Oral quercetin, administered at 50 mg/kg, significantly mitigates isoproterenol-induced cardiac injury by reducing pro-inflammatory mediators and enhancing anti-inflammatory and antioxidant mediators (Kumar et al., 2017). Quercetin treatment may improve heat stroke outcomes in rats by mitigating hyperthermia and cardiac damage via its anti-lipid peroxidation, antioxidant, and anti-inflammatory effects (Lin et al., 2017). The rat vena cava exhibited comparable outcomes with a reduced dosage but extended treatment duration (20 mg/kg/42 days) via the suppression of reactive oxygen species, the PI3/AKT pathway, and the release of inflammatory cytokines, possibly averting myocardial infarction and ischaemic heart disease. EGCG (40 mg/kg) mitigates myocardial damage in animals by blocking the AKT/mTOR and Hippo pathways (Ma et al., 2019), while enhancing the NQO1 antioxidant pathway (Cui et al., 2021; Huang et al., 2022; Li Y. et al., 2022).

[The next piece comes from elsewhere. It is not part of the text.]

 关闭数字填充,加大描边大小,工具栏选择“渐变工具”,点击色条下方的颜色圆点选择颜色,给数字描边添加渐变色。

5 Mechanism of plant-derived antioxidants on heart aging

The potential therapeutic benefits of plant-derived antioxidants on aging heart and other areas of health have received increasing attention in recent years. This interest arises from the extensive pharmacological properties of several plant compounds, which have been investigated for their ability to slow down aging and its impact on the cardiovascular system. Naturally occurring plant-based products are essential for treating and preventing diseases linked to heart aging (Sreedevi and Mavilavalappil, 2024). For many years, natural plant-based products have been used as active ingredients in conventional medicine (Najmi et al., 2022). Various natural compounds obtained from plants provide a diverse array of biological and pharmacological attributes that are crucial in modern pharmacotherapy (Chaachouay and Zidane, 2024). Among these products are the anticancer medication paclitaxel, which is derived from Taxus brevifolia (YADAV et al., 2023); the anticancer drugs vincristine and vinblastine, which are derived from catharanthus roseus (Qu et al., 2019); the anticancer drug camptothecin, which is de-rived from camptotheca acuminata (Fan et al., 2022); and the anticancer drug quercetin, a polyphenol present in a variety of vegetables and fruits (Rauf et al., 2018).

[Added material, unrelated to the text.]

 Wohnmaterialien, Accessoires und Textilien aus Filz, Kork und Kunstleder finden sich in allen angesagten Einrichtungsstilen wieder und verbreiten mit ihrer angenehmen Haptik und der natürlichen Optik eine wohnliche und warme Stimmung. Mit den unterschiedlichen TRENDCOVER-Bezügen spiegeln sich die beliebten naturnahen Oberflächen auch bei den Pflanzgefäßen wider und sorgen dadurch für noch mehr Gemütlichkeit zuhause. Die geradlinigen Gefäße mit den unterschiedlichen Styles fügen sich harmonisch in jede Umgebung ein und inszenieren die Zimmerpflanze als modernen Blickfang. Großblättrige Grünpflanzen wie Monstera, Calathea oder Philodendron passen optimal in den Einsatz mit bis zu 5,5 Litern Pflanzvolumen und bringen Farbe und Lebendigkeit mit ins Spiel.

Plants are believed to require certain nutrients, such as phytochemicals or secondary plant components like polyphenols (Hosoda et al., 2023). These compondsbelong to a large family found in plants and algae, and their primary function is to protect the organism from UV rays, diseases, and herbivore consumption (Del Mondo et al., 2021). Polyphenols possess a variety of structural forms, ranging from simple monomers to intricate polymerized structures (Nagarajan et al., 2020). Seaweed polyphenols have been shown to reduce chronic inflammation (Murray et al., 2021), OS (Begum et al., 2021), hyperglycemia, hyperlipidemia, metabolic abnormalities associated with CVDs, and the aftereffects of diabetes (Gabbia and De Martin, 2020).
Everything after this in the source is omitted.